O ministro Alexandre de Moraes, do Supremo Tribunal Federal (STF), sinalizou ao deputado federal Paulinho da Força (Solidariedade-SP), relator do projeto da Lei da Dosimetria na Câmara, que pretende pedir a inclusão do julgamento sobre a validade do projeto aprovado pelo Congresso na pauta de agosto da Corte.

Em troca de mensagens, o parlamentar afirmou ter ouvido do magistrado que, devido à quantidade de processos já pautados para esta semana, não seria possível pedir que o julgamento fosse feito agora. Com o recesso de julho, as sessões da Corte serão retomadas apenas em agosto. Os prazos processuais ficam suspensos a partir da próxima quinta-feira (2/7).

O procurador-geral da República, Paulo Gonet, se manifestou semana passada contra a suspensão cautelar da Lei da Dosimetria. A norma reduz penas e facilita a progressão de regime para condenados por crimes contra o Estado Democrático de Direito e por atos antidemocráticos, como os de 8 de janeiro de 2023.

O texto também beneficia condenados por participação na trama golpista, entre eles o ex-presidente Jair Bolsonaro (PL).

O parecer de Gonet responde a quatro Ações Diretas de Inconstitucionalidade (ADIs 7.966, 7.967, 7.968 e 7.969), apresentadas por entidades como a Associação Brasileira de Imprensa (ABI) e pelos partidos PSol, Rede, PDT e PT.

Após a manifestação da PGR, Paulinho afirmou à coluna acreditar que o STF validará a norma.

“Eu tinha quase certeza que a PGR ia nos dar constitucionalidade ao projeto e agora estou muito confiante que o Supremo vai reconhecer a constitucionalidade e as pessoas vão poder ir para suas casas, aqueles que estão presos”, declarou na semana passada.

Suspensão da lei

Em maio, Alexandre de Moraes determinou a suspensão da aplicação da Lei da Dosimetria, um dia após a promulgação do texto pelo presidente do Senado, Davi Alcolumbre (União-AP).

O projeto havia sido vetado integralmente pelo presidente Luiz Inácio Lula da Silva (PT) em 8 de janeiro deste ano. Em 30 de abril, porém, o veto foi derrubado em sessão do Congresso Nacional.

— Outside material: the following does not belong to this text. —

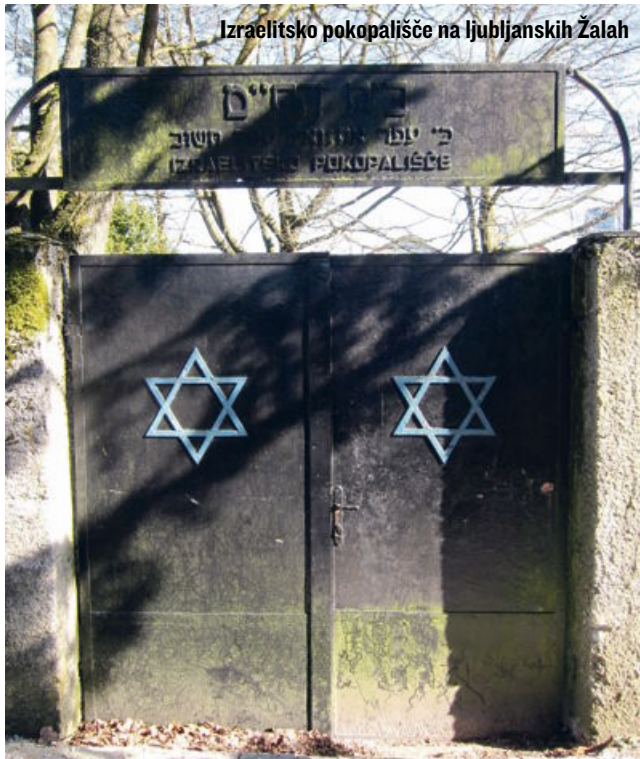
Izraelitsko pokopališče na ljubljanskih Žalah

A legislação alterou regras para o cálculo de penas e a progressão de regime. Logo após a promulgação, defesas de condenados pelos atos de 8 de janeiro e pela trama golpista apresentaram ao STF pedidos de revisão de pena.

No entanto, diante das ações diretas de inconstitucionalidade contra a norma, Moraes suspendeu sua aplicação para que a Corte julgue sua validade antes de analisar eventuais reduções de pena.